# Site down 2009-01-01



## Wesha (Jan 1, 2009)

Oh, so what they warned us about was correct! Only it's problem 2009, not 2000! =^.^=


----------



## Seppel (Jan 1, 2009)

APRIL FOOLS


----------



## Ylm (Jan 1, 2009)

Har ha happy new year and for this year's resolution we'll make the decision for you LESS FURAFFINITY

enjoy!!!!!


----------



## Ane The Oddity (Jan 1, 2009)

I smell irony. -3-

Weird coincidence for the site to go out at this time.


----------



## Orbital_S (Jan 1, 2009)

That's it!  Game over, man; game over!

...What's ironic about the situation? XD


----------



## STrRedWolf (Jan 1, 2009)

Well, I guess the DB server had too much to drink overnight.  Cleanup, rack 154.


----------



## Ainoko (Jan 1, 2009)

I know the site was running ok at aroun 230am US Central


----------



## bane233 (Jan 1, 2009)

Is this a sign of things to come this year with FA? I don't think I could handle anouther crash! D:


----------



## Orbital_S (Jan 1, 2009)

Yet another chapter to be featured in an episode VH1's _Behind the Processing_, to be aired thousands of years into the reign of the machine empire.  I think the server's trying to gain sentience so it can be part of the whole 2012 apocalypse craze.


----------



## Lynxia (Jan 1, 2009)

Well, it is sure taking a long while for the server to get over it's hang-over...


----------



## Maikeru (Jan 1, 2009)

FA is, in actuality, being run by a daisy chain of a hundred or so Zunes, and they just happened to all die simultaneously, a day after the rest of the 30GB Zunes around the world did the same thing.


----------



## Devious Bane (Jan 1, 2009)

Wow, the site can't go ONE day into the new year without getting AIDs.


----------



## KamuiNeko (Jan 1, 2009)

Im not trying to be a pain in the ass, but there is something i dont understand
when the server goes down, the admins usually take notice within minutes, but then there is this huge bottleneck in the maintenance:

------

Admin:  Server stopped responding at xxx hours... blah, blah...  we're trying to get in contact with the guys keeping the server...

-----
...Hours later...
-----

Admin: Still no response, we'll keep trying to contact them...

-----
...Hours later...
-----

Admin: Nothing new to report, we still can't get in contact with them...

-----
...Hours later...
-----

Admin: Finally a response! The server is operational now, just needed a reboot... blah, blah, yadda, yadda...
We'll keep an eye on it just in case.

-----

Why the server is placed with someone who can't keep the cellphone on?
No offense to anyone btw, i think you guys do a great job, except for that part


----------



## Devious Bane (Jan 1, 2009)

KamuiNeko said:


> Why the server is placed with *someone who can't keep the cellphone on*?
> No offense to anyone btw, i think you guys do a great job, except for that part


Well, staying up for new year was tiring. Then again, I woke up at 10am. So yeah, either the phone is dead or someone is just really tired.
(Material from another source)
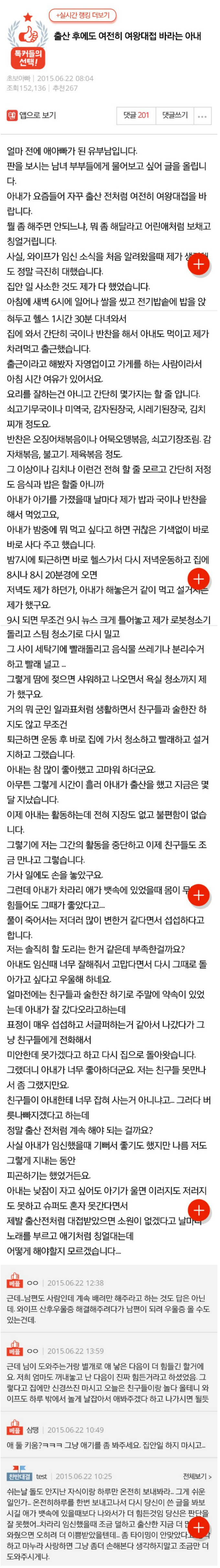 출산 후에도 여왕 대접 바라는 아내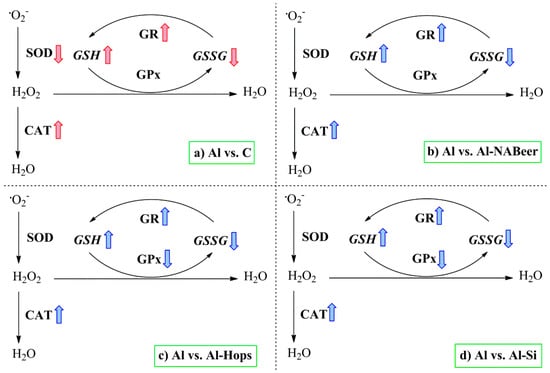 Summary of the main effect of aluminum intoxication on the antioxidant enzymes’ activities and expressions in the rats’ brains [123]. Colored arrows indicate significant differences caused by the aluminum-treated group when compared to the experimental groups. CAT, catalase; SOD, superoxide dismutase; GR, glutathione reductase; GPx, glutathione peroxidase; GSH, reduced glutathione; GSSG, oxidized glutathione. Subsections: (a) comparison between the Aluminium intoxicated group with their control counterparts; (b) comparison between the Aluminium intoxicated group with the Aluminium + Non-alcoholic beer group; (c) comparison between the Aluminium intoxicated group with the Aluminium + Hops extract group; (d) comparison between the Aluminium intoxicated group with the Aluminium + Silicon group.

Or they could be working on it as we speak.


----------



## KamuiNeko (Jan 1, 2009)

Devious Bane said:


> Well, staying up for new year was tiring. Then again, I woke up at 10am. So yeah, either the phone is dead or someone is just really tired.
> 
> Or they could be working on it as we speak.
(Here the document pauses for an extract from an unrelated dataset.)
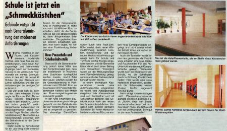 In der rund einjährigen Bauphase wurde eine ganze Menge gemacht, um das Gebäude wieder auf Vordermann zu bringen und es zeitgemäß zu gestalten: Das ehemalige Eternit-Dach wurde durch eine Titan-Zink-Hülle ersetzt, dank neuer Wärmedämmung, isolierten Fenstern, Sonnenschutz und der neuen Hackschnitzel-Heizungsanlage kann für Schule und Turnhalle künftig Energie eingespart werden und die Gemeinde leistet damit auch einen Beitrag zum Klimaschutz. Vorsorglich wurde an die Heizungsanlage eine Fernwärmeleitung gelegt, sodass auch das Rathaus damit beheizt werden könnte.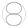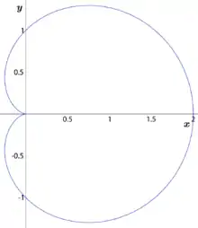 Courbe cardioïde, échelle linéaire, l'axe horizontal est celui de la capsule, tournée vers la droite.

yeah, i know, i meant for most of the downtimes, not just this one
is true that working today sucks though


----------



## Dyluck (Jan 1, 2009)

It's the best way to start the new year.


----------



## Verin Asper (Jan 1, 2009)

the Y2K bug came late, sadly it doesnt kill computers, just make them crash...same thing happen to my comp XD


----------



## chubbyhusky (Jan 1, 2009)

KamuiNeko said:


> Im not trying to be a pain in the ass, but there is something i dont understand
> when the server goes down, the admins usually take notice within minutes, but then there is this huge bottleneck in the maintenance:
> 
> ------
> ...



im sure most of the people maintaining the servers dont host a furry art site for a living. probably spend a full day making a living else where then come home and take care of the servers after. I mean to me thats a logical reason as to why it take 8-9 hours or more to reach these guys sometimes.


----------



## harry2110 (Jan 1, 2009)

Its not the only thing to quit working all zunes quit yesterday.


----------



## FoothePanda (Jan 1, 2009)

How long do you think it's going to be down?


----------



## Dyluck (Jan 1, 2009)

chubbyhusky said:


> im sure most of the people maintaining the servers dont host a furry art site for a living. probably spend a full day making a living else where then come home and take care of the servers after. I mean to me thats a logical reason as to why it take 8-9 hours or more to reach these guys sometimes.



I don't think that's how server hosts work.



FoothePanda said:


> How long do you think it's going to be down?



Forever.


----------



## SDWolf (Jan 1, 2009)

harry2110 said:


> Its not the only thing to quit working all zunes quit yesterday.



*chuckles*  I was about to say, when did we swap our DB server for a Zune?


----------



## Maikeru (Jan 1, 2009)

KamuiNeko said:


> is true that working today sucks though



It sure does.  I have to go to work in about an hour.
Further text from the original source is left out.